Vietnam or Thailand ? Vote for the TOP Country of the Week !

Bijgewerkt: 9 juni 2025


Het glaukonietzand te Vaurigard en Vauves, dat daar de keien bedekt, behoort tot de grofkalklaag en wijst het begin aan der middelste eocene periode. Middelste Eocene Formatie. Onderste grofkalk.

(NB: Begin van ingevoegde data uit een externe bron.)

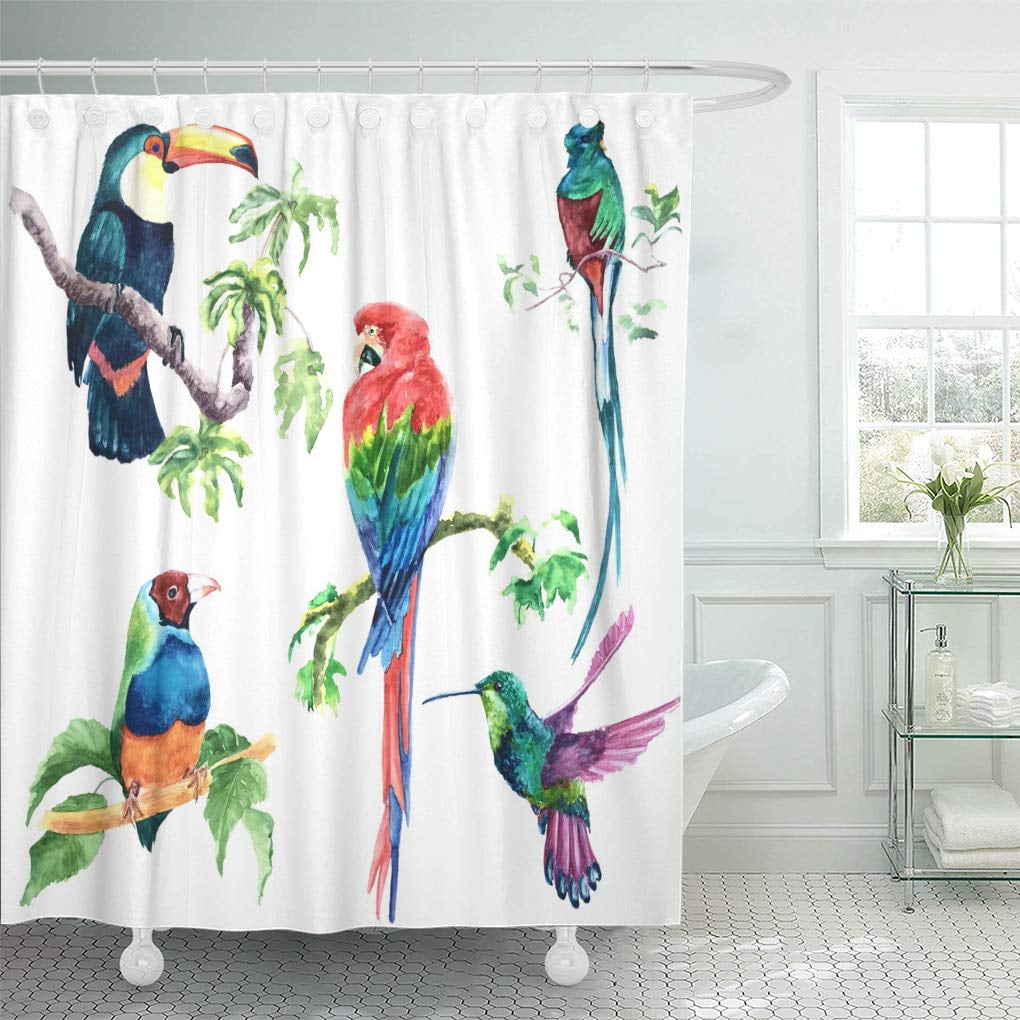Wonzom Parrot Shower Curtains With 12 Hooks For Bathroom Decor
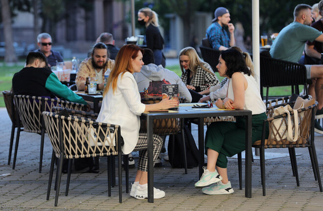 Cilvēki Rīgā steidz pavadīt laiku Covid-19 pandēmijas laikā atvērtajās restorānu terasēs
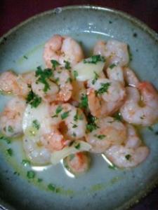 耐熱容器にエビ、ニンニクを入れてワインを振りかけ、オリーブ油を回しかけます。
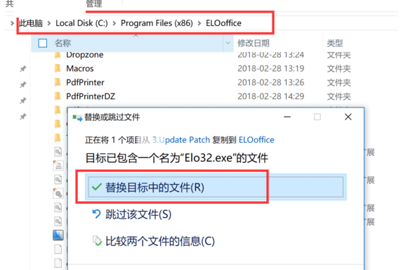 12、将升级文件夹Update Patch内的Elo32.exe复制到安装目录"C:\Program Files (x86)\ELOoffice\"并替换
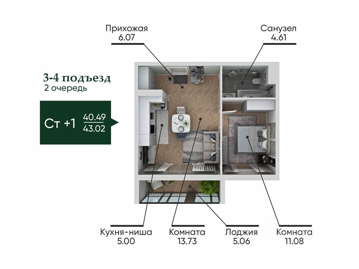 ЖК "Ильменский" открывает продажи! квартира 132, общей площадью 43,02 на 5 этаже.
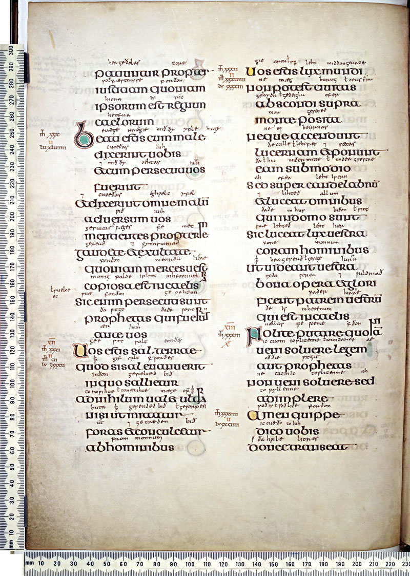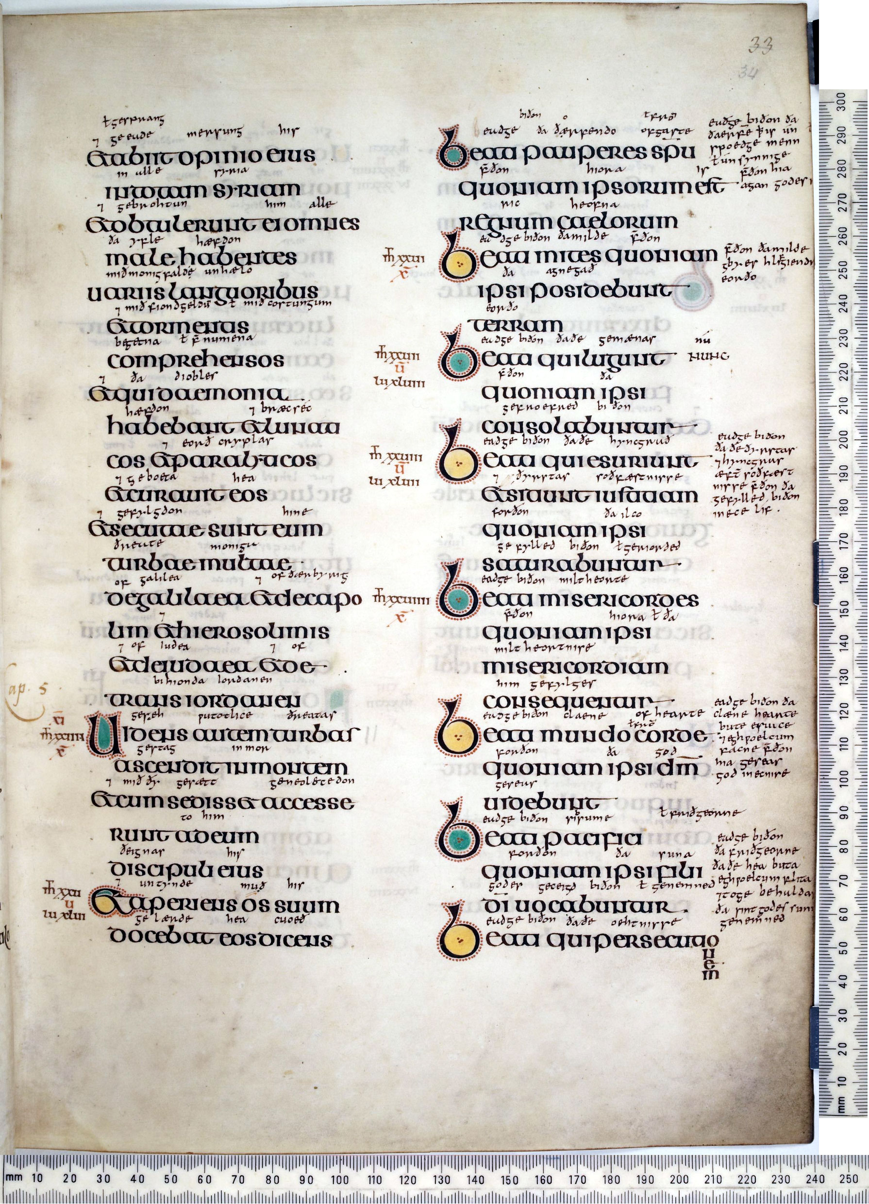 This is folio 34v which is from Matthew's Gospel. The setting is the Sermon on the Mount. Folio 34 v continues from folio 34r with the Beatitudes. The page ends part-way through chapter 5 verse 10.
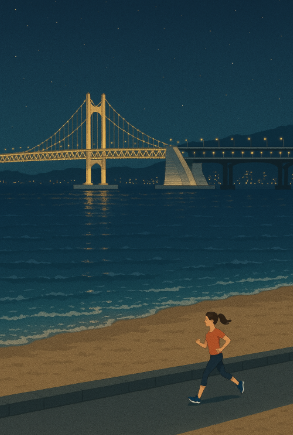 저는 주로 밤에 달리는데요, 그 시간의 광안대교는 정말 눈부시게 빛나요.
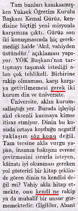 Bugünkü kesikimiz cerîde-i Zaman'ın 26 Eylül 2003 Cum'a günkü nüshasının on üçüncü sahîfesinde Bülent Korucu'nun kûşesinden kesilip tarandı. Makale-i Bülend'in serlevhası "Akıl, vahiy ve Gürüz" olup bu üç kelimenin bir araya gelmişliği başlı başına bir te'accüb mevzû'u olsa yeridir. Çün ki ey azizler, memleketin pek de kalabalık olmayan mütegalibe sınıfının mümtâz sîmâlarından olan YÖK reisi -ba'zıları kendisine "komiser" ve "kumandan" demeği tercîh ediyorlar- Kemal Gürüz ile "akl"ın ve hele "vahy"in birlikde zikrolunması "ihtiras", "adâvet", "nefret" gibi kelimelere karşı büyük bir haksızlıkdır. Bendeniz haksızlık gördüm mü huzursuz olurum ey azizler.
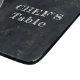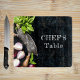 Decorated with a herb chopper, herbs and onions. Black rustic canvas print as background Text: Chef's Table
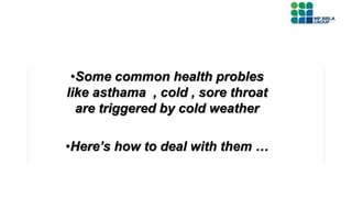 •Infections: Common cold, flu, bronchitis, pneumonia, sinusitis.
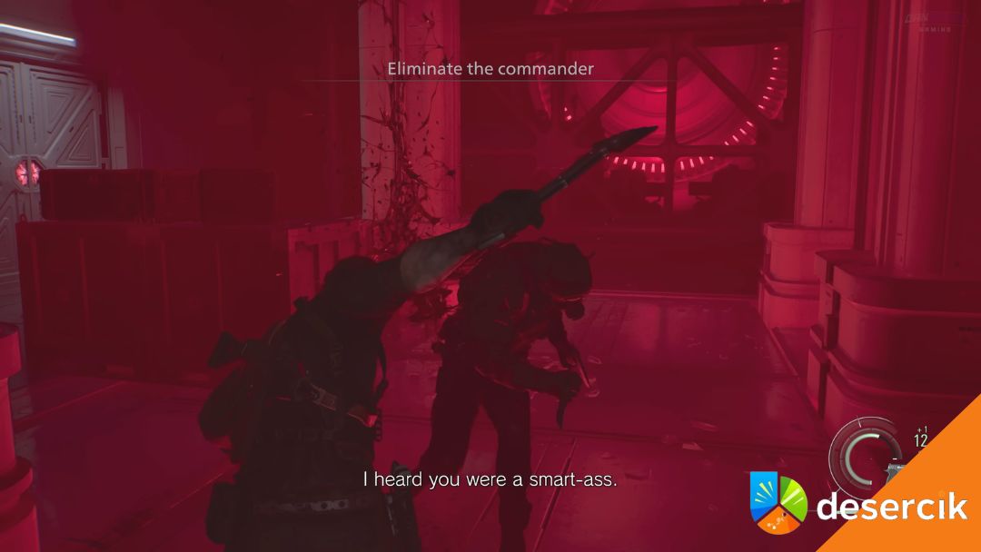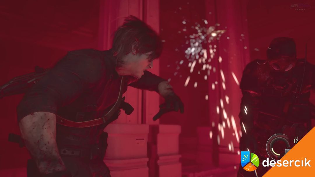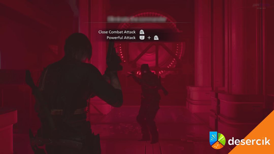 W późniejszej fazie Dowódca może rzucić granat dymny. Widoczność spada praktycznie do zera, a on wykorzystuje zamieszanie, by rzucić się na Leona.

Die zeevorming, die aantoont, dat in de eerste eeuwen der eocene periode, de zee eenen nieuwen inval gedaan heeft, wordt meer naar het zuiden aangewezen door eenen band van ronde strandkeien, die thans door kiezel aan elkander verbonden zijn en nog steeds de grens aanwijzen van den inval der zee.

De Jurastreek en een groot gedeelte van de omgeving der centrale bergvlakte van Frankrijk zijn op verscheidene plaatsen bedekt door eene bijzondere formatie, die wegens den overvloed van korrelig ijzererts den naam gekregen heeft van siderolithische formatie. Die formatie dagteekent van de tweede helft der eocene periode.

De lagen phosphorzure kalk, die men in zoo groote menigte te Quercy vindt, hebben in menig opzicht groote overeenkomst met de siderolithische formatie, en schijnen even als deze grootendeels tot de laatste helft der eocene periode te behooren. Die lagen bevatten een groot aantal fossielen, vooral van zoogdieren.

Op het einde der eocene periode hebben dus de zoetwatervormingen in het bekken van Parijs de overhand. Bovenste Eocene Formatie. Gipshoudende mergel. De bovenste eocene laag bestaat uit eene lange reeks lagen gebladerde mergel, met lagen gips er tusschen in; die bezinksels, die eene dikte van 60 meters kunnen bereiken, zijn nog grootendeels eene zoetwaterformatie.

Maar de magnolia's ontbraken er, terwijl deze wel in Groenland, op 70° breedte gevonden werden. De flora van Groenland had eene merkwaardige overeenkomst met die van de Parijsche lagere eocene formatie.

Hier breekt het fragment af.